Friday 20 March 2015

The BBC and half the story



The headline on the BBC News website is one of those BBC headlines that can, if you come at it unprepared, read like a cryptic crossword clue:
Soldier beheading plan teen jailed 
The Sky News headline, in contrast, makes sense straight away:
Teen Gets 22 Years For Plot To Behead Soldier
Sky publishes the shocking letter Brusthom Ziamini wrote declaring his intention to behead a British soldier. In it, he quotes Surah 2:216: "Jihad holy fighting in Allah's cause is ordained for you Muslims though you dislike it and it may be that you dislike a thing which is good for you..."; he talks of ISIB, "Islamic State of Ireland and Britain"; he writes, "let's kill them, slaughter them and implement Sharia in our lands and kill every gay, every Shia..."; he advises his parents not to mix with Christians, Jews and non-believers...

Sky also quotes his statements to al-Muhajiroun about buying a black flag "to rock it everywhere I go in the Kaffir's face"; how he posted comments on Facebook saying he was "willing to die in the cause of Allah" and that "Sharia law on its way on our streets. We will implement it, it's part of our religion." 

Sky also reports him as saying that "he first became interested in Islam at the age of 15 through rap music and decided to convert again in the months before his arrests".

The BBC article is characteristically much less informative. 

The letter is missing, as are most of the quotes revealing the depth of his religious motivation and its sheer viciousness.

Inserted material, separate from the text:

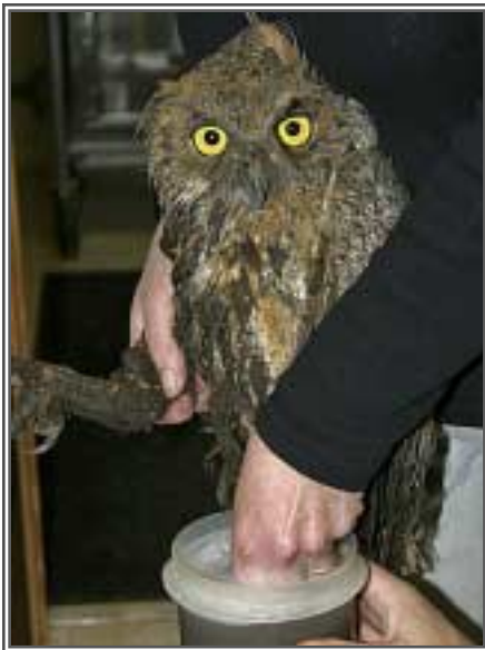
Great Horned Owl - the cleanup

There's no mention of the surah; no mention of his hatred for specific groups (gays, Christians, Jews, Shia Muslims); no mention of 'Islamic State of Ireland and Britain'; no rocking of the black flag "in the Kaffir's face; and no mention that his 'support for Sharia law' is for Sharia law on Britain's streets.  

Here's a flavour of the BBC's report: 
Ziamani was born in London to Congolese parents and went to school in Peckham. His mother worked as a nursery nurse and his father was a psychiatric nurse. 
The defendant told the court that his parents, who are Jehovah's Witnesses, had found out he was a Muslim only when they had seen pictures of friends in Islamic clothes on his mobile phone.
During the trial, jurors heard how Ziamani had fallen in with members of the extremist organisation al-Muhajiroun, after he was "kicked out" of his home after converting to Islam.
Police say the group played a "major role in influencing and shaping his radical views" and he attended their demonstrations.
The jury heard Mr Ziamani also put posts on Facebook supporting Sharia law and stating he was "willing to die in the cause of Allah".
Poor lad: his parents chucked him out and he fell in with a bad crowd. A classic hard-luck story - except for the bit about him wanting to behead British soldiers. 

8 comments:

  1. The convolutions BBC subs go through to avoid connecting dots in headlines would be funny if not clearly going to a serious problem on what is handed down from above.

    To a long line of impersonal vehicles and buildings that appear to cause mutilation or death all on their own, we now have this.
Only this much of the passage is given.